There are many relevant articles at Towards Data Science, I won’t take deep dive into technical details. The most important thing for me is the fact, that with DL, the modifiability of images became a new advanced level. Suitable for artistic use. Dangerous because of DeepFake misuse.

My coverage of this topic (Friend-Link):

7. StyleGAN trained on paintings

What’s this about: _C0D32_ over at reddit trained StyleGAN on 24k Artwork Dataset from kaggle. With his modified code, new artworks in various styles are produced. Here’s how it works:

StyleGAN generates original artworks with pre-trained artistic styles.

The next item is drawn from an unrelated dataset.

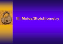 III. Moles/Stoichiometry A compound is a substance composed of two or more different elements that are chemically combined in a fixed proportion. A chemical compound can be broken down by chemical means (not physical means.) A chemical compound can be represented by a specific chemical formula and assigned a name based on the IUPAC system. (3.1cc) Compounds are electrically neutral. J Deutsch 2003 2 Regents Question: 08/02 #6 Which species represents a chemical compound? (1) N2 (2) Na (3) NH4+ A compound is made up of 2 or more different elements. A compound is electrically neutral. (4) NaHCO3 J Deutsch 2003 3 A chemical formula is both qualitative and quantitative. It tells which elements are in the compound with symbols and how many of each with subscripts The formula for sulfuric acid is H2SO4 Element Number of atoms H 2 S 1 O 4 The subscript 1 is never written in a formula J Deutsch 2003 4 Compounds have more than one capital letter in the formula Binary Compounds – Composed of just two elements (2 capital letters) •Water H2O 2 elements 3 atoms •Methane CH4 2 elements 5 atoms •Ammonia NH3 2 elements 4 atoms •Aluminum oxide Al2O3 2 elements 5 atoms Other Compounds -more than 2 elements (more than 2 capital letters) J Deutsch 2003 •Potassium hydroxide KOH 3 elements 3 atoms •Calcium sulfate CaSO4 3 elements 6 atoms •Ammonium phosphate (NH4)3PO4 4 elements 20 atoms 5 Regents Question: 06/03 #9 Which substance can be decomposed by a chemical change? (1) Co (2) CO (3) Cr (4) Cu J Deutsch 2003 6 Types of chemical formulas include empirical, molecular, and structural. (3.1ee) Molecular Formula Empirical Formula Structural Formula Which elements and how many of each in a molecule Which elements and the ratio of how many of each Shows the bonds and how the atoms are arranged C2H6 J Deutsch 2003 CH3 H H C H H C H H 7 The empirical formula of a compound is the simplest wholenumber ratio of atoms of the elements in a compound. It may be different from the molecular formula, which is the actual ratio of atoms in a molecule of that compound. (3.3d) Hydrogen peroxide molecular formula: H2O2 empirical formula: HO J Deutsch 2003 Sugar C6H12O6 CH2O 8 Regents Question: 06/03 #8 Which is an empirical formula? (1) P2O5 (2) P4O6 (3) C2H4 (4) C3H6 J Deutsch 2003 9 The molecular formula must be a whole number multiple of the empirical formula Molecular Formula H2O2 C3H6 C6H12O6 Hg2O2 J Deutsch 2003 Empirical Formula HO CH2 CH2O HgO Multiple 2 3 6 2 10 The formula mass must be a whole number multiple of the empirical mass Molecular Formula Mass H2O2 34 C3H6 42 C6H12O6 180 Hg2O2 434 J Deutsch 2003 Empirical Formula Mass HO 17 CH2 14 CH2O 30 HgO 217 Multiple 2 3 6 2 11 To find the formula of a compound, use the criss-cross method Write the symbol and oxidation state of the metal (lower electronegativiy if both are nonmetals) in the upper right hand corner of the symbol. Positive oxidation state is written first. Repeat for nonmetal (-) C4+ O2 Drop the sign C4 O2 Criss Cross C2 O4 Reduce if possible CO2 Although Carbon and Oxygen are both nonmetals, Carbon has a lower electronegativity and therefore uses a positive oxidation number J Deutsch 2003 12 When using the criss-cross method with polyatomic ions, use parenthesis ( ) Write the symbol and oxidation state of the metal (+ ion) J Deutsch 2003 in the upper right hand corner of the symbol. Repeat for nonmetal (- ion) (NH4) 1+ (PO4) 3Drop the sign (NH4) 1 (PO4) 3 Criss Cross (NH4) 3 (PO4) 1 Reduce if possible (numbers outside parenthesis only) If there is no number following the parenthesis, drop the parenthesis. (NH4)3 PO4 13 The oxidation states of the elements are available on the Periodic Table of the Elements J Deutsch 2003 14 Polyatomic ions are found on Reference Table E J Deutsch 2003 15 Naming Ionic Compounds Compounds between a metal and a nonmetal – Name the metal – Name the nonmetal with an IDE ending • Ammonium chloride • Barium sulfide Aluminum oxide Zinc fluoride If the negative ion is a polyatomic ion – Name the metal – Name the polyatomic ion • Sodium Nitrate J Deutsch 2003 Calcium phosphate 16 The Stock System Naming ionic compounds in which the metal has more than one oxidation state (polyvalent) Check the Periodic Table to see if the metal has more than one oxidation state if it does… Determine the oxidation state of the metal – Use the oxidation state of the nonmetal and the subscripts The oxidation state of the metal is written as a roman numeral in parenthesis after the name of the metal – CuSO4 Copper(II) Sulfate J Deutsch 2003 17 Finding the oxidation state of a polyvalent metal The net charge of a compound must be zero The number of + charges must equal the total number of – charges Multiply the oxidation state of the nonmetal by the subscript for the nonmetal Divide that number by the subscript of the metal – PbO2 the oxidation state of oxygen is –2 we multiply the 2 by the subscript 2 and get 4. Divide the 4 by the subscript for the lead (1) and get 4. The oxidation state for the lead is 4 and the name is Lead(IV)oxide J Deutsch 2003 18 Regents Question: 06/03 #19 Which formula correctly represents the composition of iron (III) oxide? (1) FeO3 (2) Fe2O3 (3) Fe3O (4) Fe3O2 J Deutsch 2003 19 Naming molecular compounds – compounds between nonmetals Use a prefix to indicate how many of each element mono 1 (never used for first element) di 2 tri 3 tetra 4 J Deutsch 2003 CO2 CO N2O4 BCl3 Carbon dioxide Carbon monoxide Dinitrogen tetraoxide Boron trichloride 20 In all chemical reactions there is a conservation of mass, energy, and charge. (3.3a) •Matter cannot be created nor destroyed, only changed from one form to another •Energy cannot be created nor destroyed, only changed from one form to another J Deutsch 2003 21 A balanced chemical equation represents conservation of atoms. The coefficients in a balanced chemical equation can be used to determine mole ratios in the reaction. (3.3c) •A

Try it out: Google Colab Notebook.

Interesting thing: even if you get countless unique artworks with this model, with some knowledge of art history you can suppose, which styles, art movements or even artists are shimmering through the new images.

Two generated images versus “Las Meninas”, by Diego Velázquez

Or mimesis of pointillist art.

Generated image versus Georges Seurat (right image)

My coverage of this topic, including more images and analysis (Friend-Link):

8. pix2pix: Image to image translation.

What’s about this: pix2pix was developed by Phillip Isola et al., and gone viral at the latest 2017. The image translation, done by Conditional Adversarial Networks, allowed to render human-made doodles to photo-realistic (or somehow in this kind) images. Watch this famous Two Minutes Paper by Karoly Zsolnai-Feher for summary:

Papers: on the Pix2Pix website you can find documents, papers, examples, and demonstration of this method (GitHub / Paper)

Try it out: Christopher Hesse provided the live TensorFlow demonstration for pix2pix. You can “translate” your doodles of cats, facades, and other things into “photo-realistic” images.

pix2pix is trying the best from my amateurish doodling of a cat.

It was surely way more than just funny sketch translation: with pre-defined settings, you can transform an aerial photo to a map, a daylight photo to a night view etc. Conditional Adversarial Networks detect the patterns and translate them to the demanded topics (you have to define your target image task). Networks are trained on specific labeled image datasets.

NVidia brought this method to another level with GauGAN — one of the experiments in their AI Playground. You can drive sketches using segmentation: every color is applied to a specific object or material. After translation new image is generated (with CycleGAN-alike possibility to switch between various visual features):

Image, doodled by my daughter for our AI-driven fairy tale book.

9. pix2pix, face2face, DeepFake and Ctrl+Shift+Face

Deep Learning world is full of experimentation. People think out of the box and that’s the most inspiring thing about DL specifically and AI in general. Gene Cogan experimented with dynamic pix2pix: in this case, the source was not a sketch, but webcam (his face) and the target was trained on Trump photos:

These experiments inspired researches (in this case: Dat Tran) to face2face:

The principle is smart:

1. face2face model learns facial features / landmarks
2. It scans webcam input on facial features
3. It finally translates it into another face

Another frontier of the post-truth epoch is reached — now we can modify not only images, but also moving pictures. Like AR applications on popular messaging apps, AI interprets the video footage and modifies it, in perfect ways.

Artists like Ctrl+Shift+Face perfected this method to an unbelievable level: he switched playful faces of actors in cult movies with the help of face2face. Like here: “Shining” with Jim Carrey. Side by side comparison shows you how well can even the fine psychological play be translated.

Such implementation bear manifold possibilities within:

Filmmakers can experiment with actors before the audition. They can also localize movies for better lip-synchronization in various languages, as Synthesia did with David Beckham.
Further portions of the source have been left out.